No, WRENCH did not take the above picture. :laughing2dw:

Far too blingy for me, so out came the Mod Box. :biggrin:











I took the corners off the lugs, gave everything a quick rub over with 1000 grit W&D, and added a Dagaz insert in a smooth bezel.

I have ordered a new dial ( got to get rid of that date window :biggrin: ), and a set of new hands.

The plan is to send the case off to the Vapour Blasting Spa.

A work in progress.

Steve.


----------



## al_kaholik (May 22, 2018)

Looks really smart. Less shiny is better in my view. The waves dial is really really nice


----------



## iloper (Dec 16, 2003)

i like the dial on that seamaster idea...


----------



## NOTSHARP (May 2, 2018)

iloper said:


> i like the dial on that seamaster idea...


 Yes, but the dial on order is more so. :yes:

Steve.


----------



## JoT (Aug 12, 2003)

iloper said:


> i like the dial on that seamaster idea...


 Hello @iloper good to see you posting again!


----------



## mrzee (Jun 22, 2012)

Probably in the minority here but I was feeling the black wavy dial and actually love a bit of bling myself!

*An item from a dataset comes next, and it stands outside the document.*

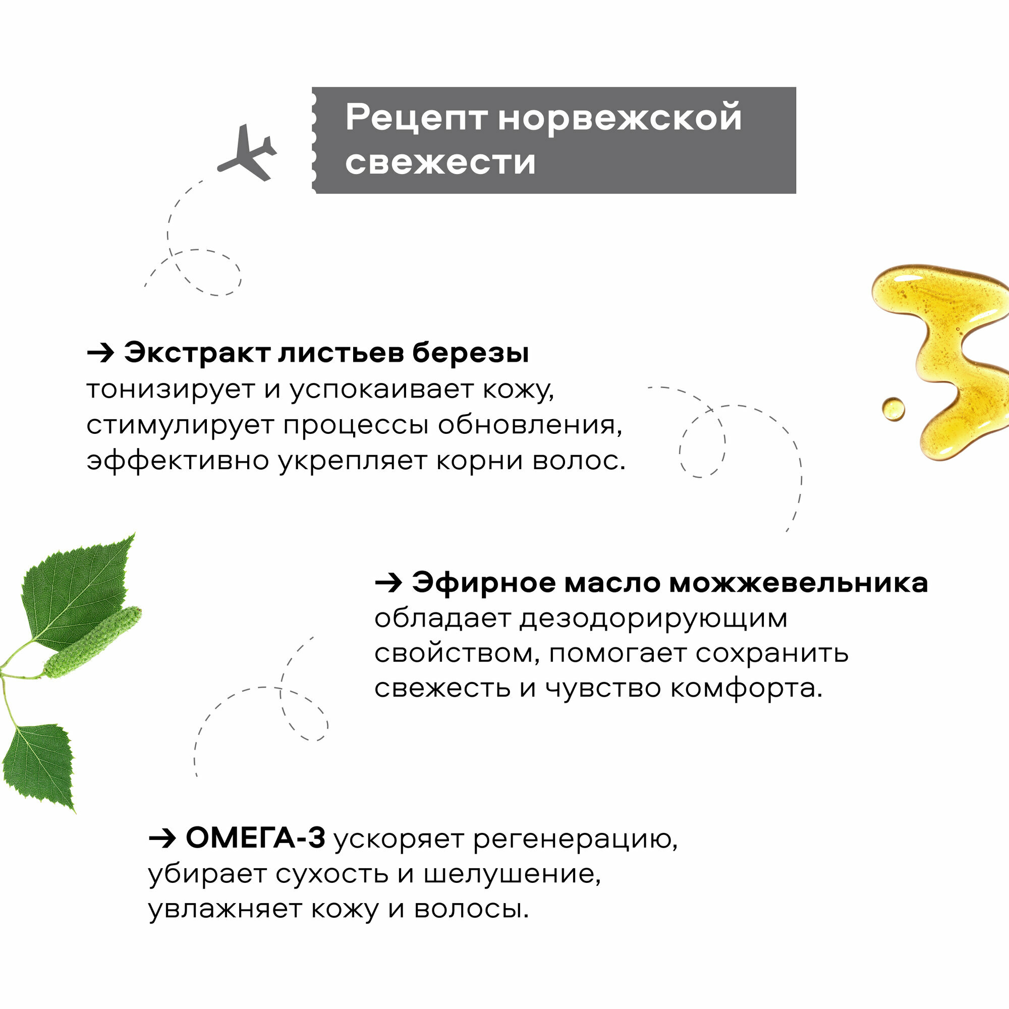 | Состав | Aqua with infusions of Betula Alba Leaf Extract (экстракт листьев березы), Juniperus Communis Wood Oil (масло можжевельника), Linolenic Acid (омега-3); Sodium Coco-Sulfate, Cocamidopropyl Betaine, Lauryl Glucoside, Sodium Chloride, Citric Acid, Benzyl Alcohol, Sodium Benzoate, Potassium Sorbate, Parfum |

That being said, I see that you are obviously a Vostok aficionado and clearly have the skills to modify until you get them just the way you want them. Bravo sir!


----------



## JoT (Aug 12, 2003)

I do think it is interesting how Vostok are now selling direct and providing choice and customisation, clever move!


----------



## iloper (Dec 16, 2003)

JoT said:


> Hello @iloper good to see you posting again!


 from time to time i check how you are all doing. glad to be here too


----------



## Noj (Oct 6, 2018)

That looks so much better than the original, nice work sir.

I also like the dial

Noj


----------